There is a requirement.txt file in the project files that can be used to install required libraries. The important libraries used in this algorithm are as follows:
OpenCV==3.4.1
openpyxl==2.6.2
xlrd==1.2.0
XlsxWriter==1.1.8
xlutils==2.0.0
xlwings==0.15.8
xlwt==1.3.0
OpenCV must be installed manually while rest of the files can easily be downloaded by using this command:
pip install --user --requirement requirements.txt
To implement the program user has to enter python Detect.py & it will run the program, to turn off the video stream you have to comment out line # 161.
The code initially loads all the required models. It then initializes the video-stream & that stream is subjected to our first model that is face detection. After the face is detected the first step involves assigning an id number to this detected contour. After that the program waits for 0.5 seconds to fetch a face from a frame so that it is not at the border or not occluded. This face image is then converted to blob object of 277×277 which is then sent to the gender prediction & age prediction model serially. The results are then written in the excel file with the corresponding ID, date & time. The person is tracked in the frame until he leaves the frame & the other person enters. The output file is in this manner;
Whereas the respective images are saved with variable sizes depending on the distance of person from camera.

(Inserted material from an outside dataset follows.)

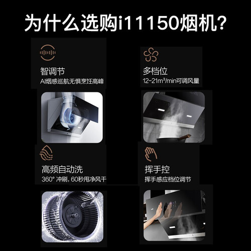 设有AI烟感巡航模式,自动匹配合适的风量风压,带来便捷智能的使用体验。拥有大静压,排烟顺畅,有效防止油烟倒灌。
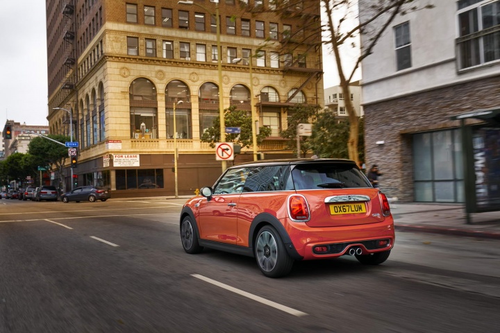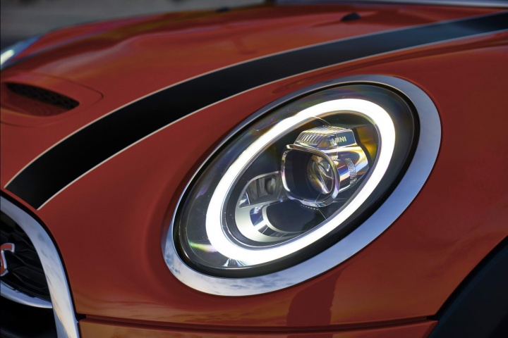 Blink-and-you'll-miss-it stuff here, as MINI has wisely decided not to tamper too dramatically with a winning formula. The headlights are where the main work has gone on, as the standard halogen items get a black insert to give them a slightly different appearance, but available as an option now are Adaptive LED headlights with a Matrix function for high-beam; this is one of those high-tech anti-dazzle systems that can blank out individual LEDs, to maximise illumination and minimise annoyance to other road users. Further luminous goodness comes in the form of ring-shaped LED daytime driving lights and indicators - and panic not if you're looking at the rear light clusters with a rising sense of dread, as the objectionable Union Jacks are not standard fit items; individual markets can decide if they want them or not and MINI Ireland has confirmed that it will not be taking them. No surprise there...

Following issues were catered for while writing this algorithm:
• The main issue that I was stuck was in the beginning was with OpenCV, as it keeps on skipping frames due to which the assertion failed error was a biggest flaw & to overcome that I had to reduce frame rate to an optimal number.
• I also came across the memory issue where due to using the age & gender models continuously on each frame was using much of the core & GPU resources of the system. So, to overcome that I only performed age & gender computation once on the face image.
• Another issue was tracking & retaining the same person in the frame. As it was detecting a face on each frame, as I was matching the faces with the previous one which was computationally expensive. I used centroid tracking by pyimagesearch that reduced that computation for me as it was retaining the tracked faces as centroid for 5 seconds at least.
• The models for age & gender were trained accordingly as explained in this paper: Age and Gender Classification Using Convolutional Neural Networks.